[Not accepted] Bring back SMART scheduling to UI

Did you ever consider TrueNAS’s logo colors?

No need to elaborate on FreeBSD’s Beastie’s colors etc. We’ve all seen the matrix. Haven’t we?

2 Likes

We of course are keeping an eye on this thread. We knew this would be a controversial design decision, as with anything these days, even cosmetic changes at times. :slight_smile: A full blog post with our rationale will be forthcoming in the next few days about why the direction change here.

Just a few quick things I want to clarify again though. SMART task scheduling being removed does NOT mean SMART is not in play at all. It is still being actively monitored with smartd, as well as coretemp and other mechanisms to check for various drive health factors by the disk management layers of TrueNAS. This is active for all detected drives, even if not actively configured in a pool. Alerts still can be and will be raised if a critical alarm condition is reached, sufficient enough that the drive should be replaced, or seriously looked at due to a problem.
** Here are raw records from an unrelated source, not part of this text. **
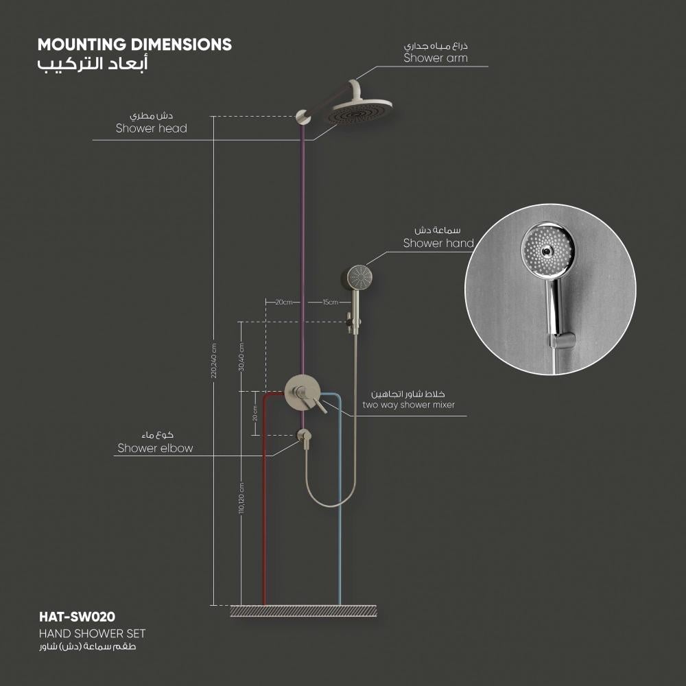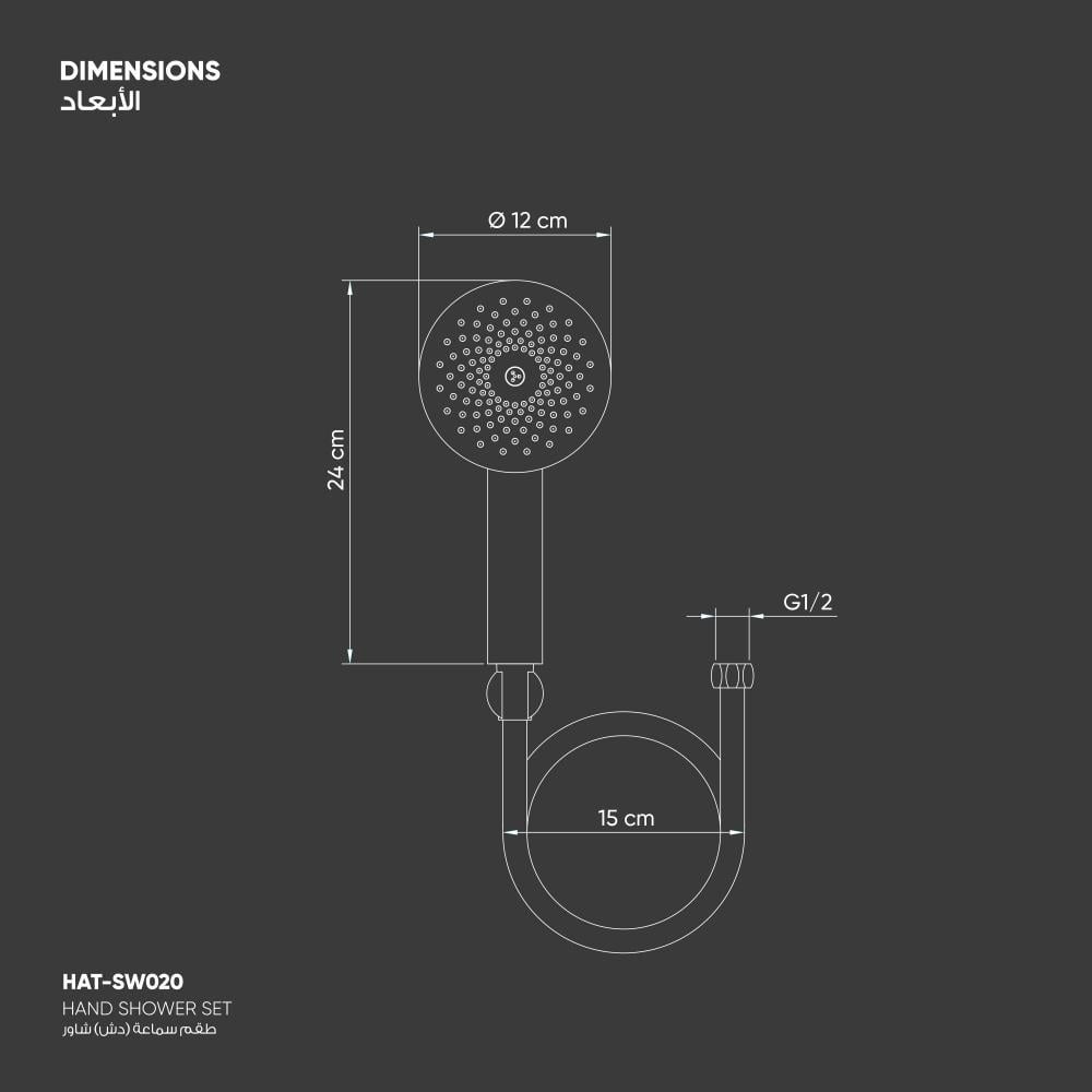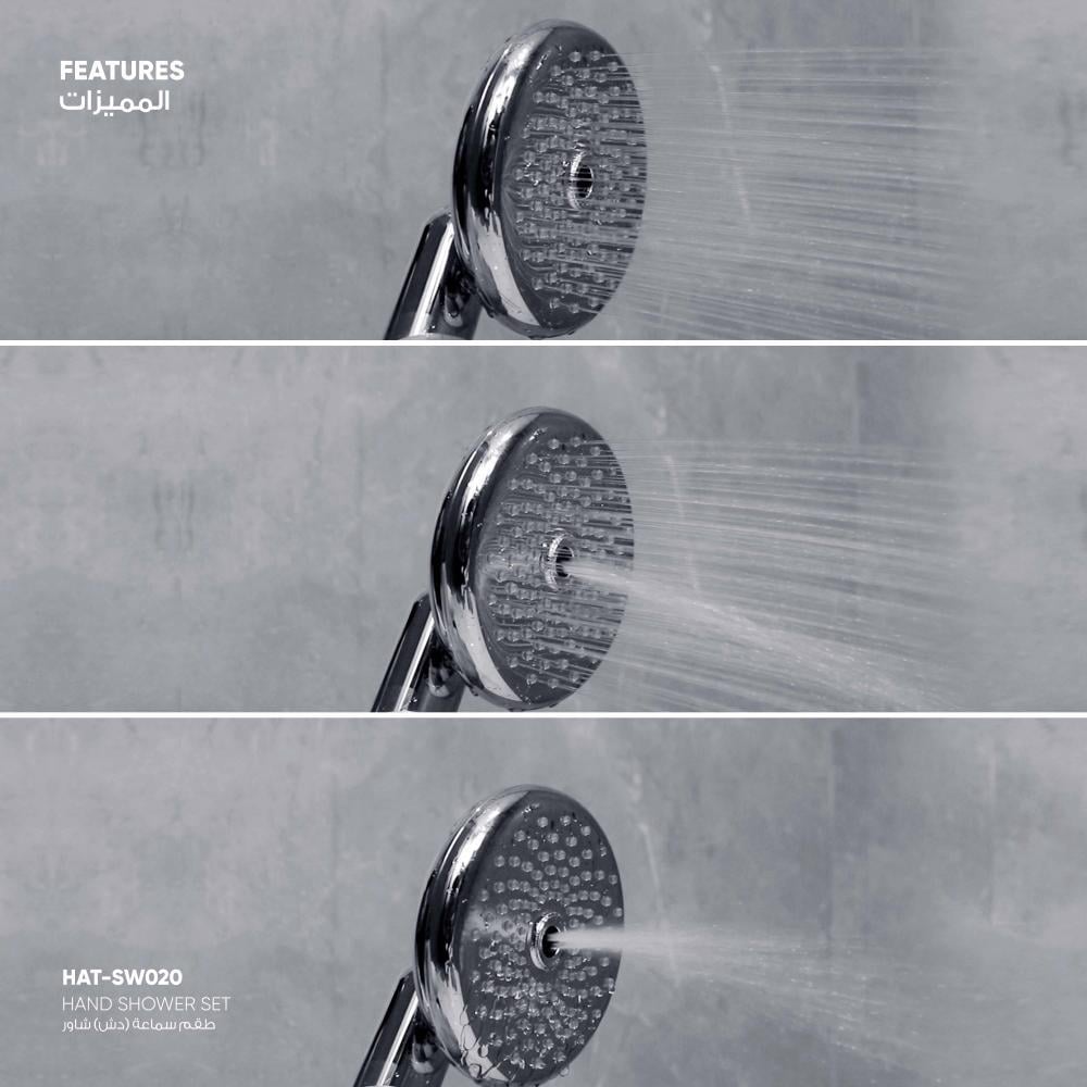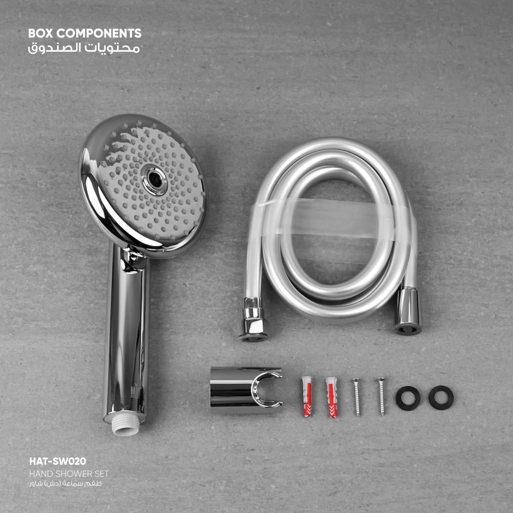 المادة: سماعة دش (شاور) مع حامل من البلاستيك ، خرطوم (لي /هوز) من PVC ومسامير تثبيت من الاستانلس ستيل 304
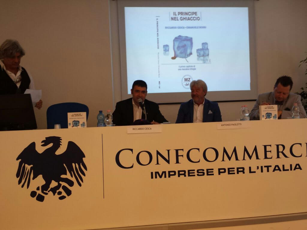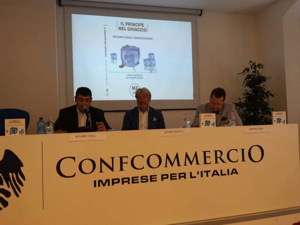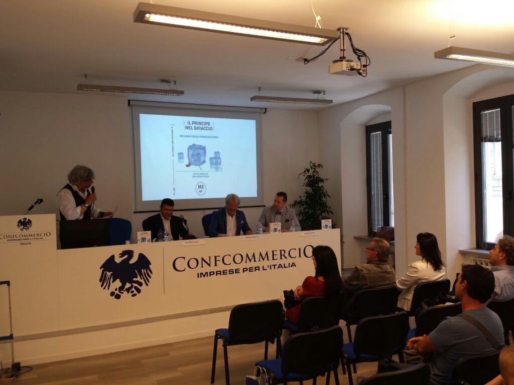 The novel “The Prince in the Ice” (Il Principe nel Ghiaccio) was presented on Wednesday morning, 22nd of June, at the Confcommercio in Trieste in via Mazzini 22. It is the authors’ debut novel published by Meridiano Zero. The journalist Francesco Cardella presented the novel, with criminal-noir features, by illustrating to the public the book’s writing style through an intense dialogue with the authors who were available to those who were present to describe the birth of the thriller and of the multimedia project.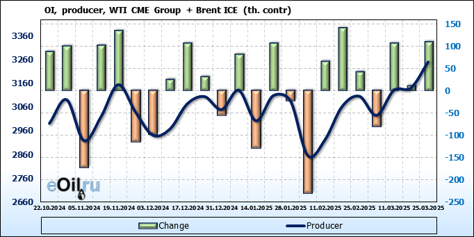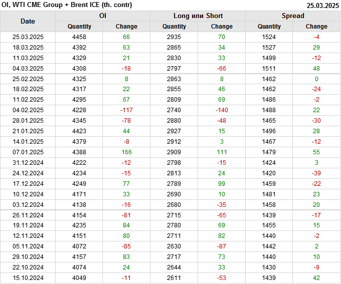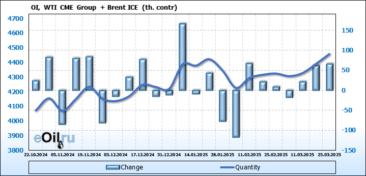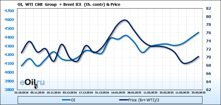 Brent+WTI. Открытый интерес на 29 марта 2025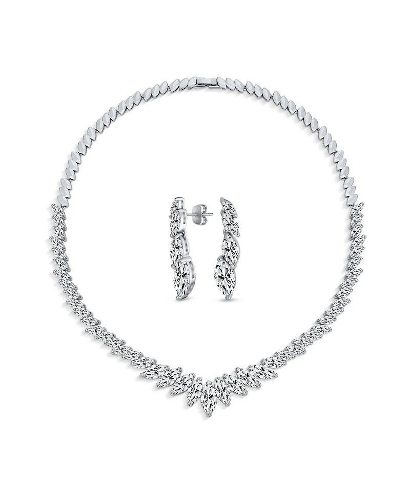 Bling Jewelry Classic Marquise Leaf Cz Statement V Necklace Chandelier Earrings Jewelry Set

Additionally a few of you old-timers maybe of heard of this little thing called ZFS, which was architected from day 1 around premise of “Your drives are lying to you” which we view as the true and final authority on when a drive has legitimately gone bad and needs to be evicted. Our decades of telemetry shows that more often than not, it’s ZFS itself being used as the trigger point for when to replace a disk. The old SMART mechanisms were anything but smart. A very mixed bag at the best of times, including the additional hassle to the administrator of “one more thing to configure” and keep an eye on.

So to answer the burning question for the group here, no, I don’t see us changing this direction and “bringing back” the old scheduling functionality verbatim. What I do see happening is we enhance the background monitoring further to look for additional triggers (Leveraging SMART or potentially other mechanisms) worthy of an alert being raised where we have a high degree of confidence that it’s not just noise and that you, the admin should take some action to touch the system and correct the situation. Thats what enterprises expect, a system smart (haha) enough to only really send me alarms when I’m legitimately going to send a tech to replace a disk, which costs everybody time and money. All while keeping my priceless data safe and accessible.

Of course one of the challenges of adding new alarms will be using probes that are consistent to monitor across a wide range of hardware and configurations. Always a big challenge with the great diversity of DIY builds. (Have you seen our bug tracker? Y’all sometimes have some crazy-ass wild setups)

As an example of a good item we’d consider, we’ve got one in the bug queue right now to make the temp monitoring a bit more robust to raise alarm at an earlier temp “warning” threshold. Requested changes like that will be considered as either features or bugs to solve where necessary. Of course even that is challenging to get right and may or may not fully work on all hardware. We’ve already seen some data where certain drives are reporting -100C operating temperature. Fun. Always keeps things interesting here in how we have to code around these misfit drives and why the ZFS creators in their wisdom architected where the assumption is that the drive is lying about everything it can.

2 Likes

Somehow, yours truly never manages to remember what the colours mean—and does not think highly enough of the movie to watch it a second time to check. This meme might eventually help me memorize that red is the good choice.
(However, I do keep a clip of the scene from the sequel where Lambert Wilson swears… Laughed my socks out on this one.)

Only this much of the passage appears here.